Germline predisposition syndromes (GPS) are inherited disorders associated with germinal aberrations that increase the risk of malignancies. While aberrations in certain genes increase the risk for all types of malignancies (Tp53, ATM, CDKN2A, CHEK2), there is a growing list of genes associated specifically with hematological malignancies (GATA2, RUNX1, DDX41, ETV6, ANKRD26). At our institution, we have established a hematology GPS clinic to diagnose and manage GPS and with this report, detail our experience with 130 patients.


GPS were investigated in pediatric and adult patients with one or more first degree relatives with hematological/visceral malignancies or in those with antecedent thrombocytopenia (ANKRD26, RUNX1, ETV6), or with specific syndromic features (short telomere syndromes/STS, GATA2 haploinsufficiency, Fanconi anemia/FA, Shwachman-Diamond syndrome/SDS). Depending on the phenotype, specific functional assays such as flow-FISH for telomere length assessment and chromosomal breakage assays were ordered. After informed consent and genetic counselling, germline testing was carried out on peripheral blood mononuclear cell, skin fibroblast, or hair follicle-derived DNA. A custom-designed marrow failure NGS panel (200 genes) was used in most cases and interrogation of variants, in silico studies, and functional assays were carried out as previously described (Mangaonkar et al MC Proc 2019). Copy number variations were identified by aCGH. At the time of progression/worsening cytopenias, bone marrow/lymph node biopsies and NGS (next generation sequencing) were carried out where indicated.

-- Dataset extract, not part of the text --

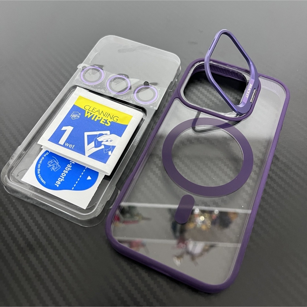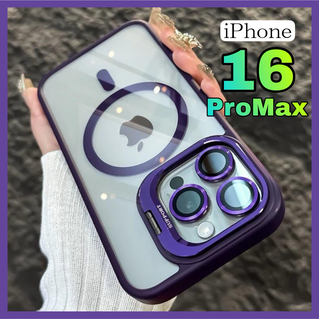 iPhone16ProMaxケース magsafe対応 スタンド機能 紫色 おしゃれ 高級感 パープル ビジネス 韓国 レンズフィルムカバー 指紋防止

130 patients with germline predisposition have been identified to date. The spectrum of disorders seen include STS 29 (22%), FA 17 (13%), GATA2 16 (12%), Diamond Blackfan anemia/DBA 13 (10%), RUNX1-FPD 12 (9%), ATM deletions/mutations 11 (8%), ANKRD26 6 (5%), SDS 5 (4%), DDX41 4 (3%), MPL 3 (2%), CHEK2, MECOM, Tp53 mutations 2 (2%) each, and CBL, CEPBA, ELANE, NF1, CDKN2A, CSF3R, ETV6, and GATA1 mutations, 1 (1%) each.

Evidence for clonal evolution (CCUS) and hematological malignancies were seen in 51 (39%) patients, involving all the aforementioned genes/syndromes with the exception of DBA, CBL, ETV6, MPL, CSF3R, and GATA1.

Seven (64%) of 11 patients with germline ATM deletions/mutations developed lymphoid malignancies; homozygous ATM (Follicular NHL-1, Burkitt lymphoma-1, T-ALL-1, T-LPD-1) and heterozygous ATM (T-PLL-1, DLBCL-1, CLL-1). Clonal evolution occurred in 11 (69%) of 16 GATA2 haploinsufficient patients (CCUS-2, MDS-3, CMML-1, AML-5) and in 7 (58%) of 12 RUNX1-FPD patients (CCUS-1, MDS-1, MDS/MPN-3, AML-2). Five of 29 (17%) STS patients had clonal progression (CCUS-2, MDS-2, AML-1), and 5 (29%) of 17 FA patients progressed to MDS-2 or AML-3. JMML was seen in one patient with a germline NF1 mutation, while 1 (20%) of 5 SDS patients progressed to AML.

NGS data at progression was available in 24 (55%) of 44 myeloid/CCUS progressions, with somatic truncating ASXL1 mutations being most frequent (29%), followed by RAS pathway mutations (15%). AML/MDS progressions in STS, FA, and SDS were universally associated with complex/monosomal karyotypes, translating to refractory disease. Seventeen (39%) of 44 patients with myeloid predisposition underwent allogenic HCT (GATA2-7, FA-3, RUNX1-FPD-3, STS-2, NF1-1, Tp53-1), with 10 (59%) being alive at last follow up (Table 1).


We demonstrate the spectrum of germline aberrations associated with predisposition to hematological malignancies and outline the phenotypic heterogeneity of clonal transformation. The advent of NGS allows identification of clonal progression earlier than morphological changes, with mutations in ASXL1 and RAS pathway genes being commonly implicated. This study supports the universal development of dedicated germline predisposition clinics.

Disclosures: Pruthi: Merck: Honoraria; Instrumentation Laboratory: Honoraria; HEMA Biologics: Honoraria; Bayer Healthcare: Honoraria; Genentech Inc.: Honoraria; CSL Behring: Honoraria.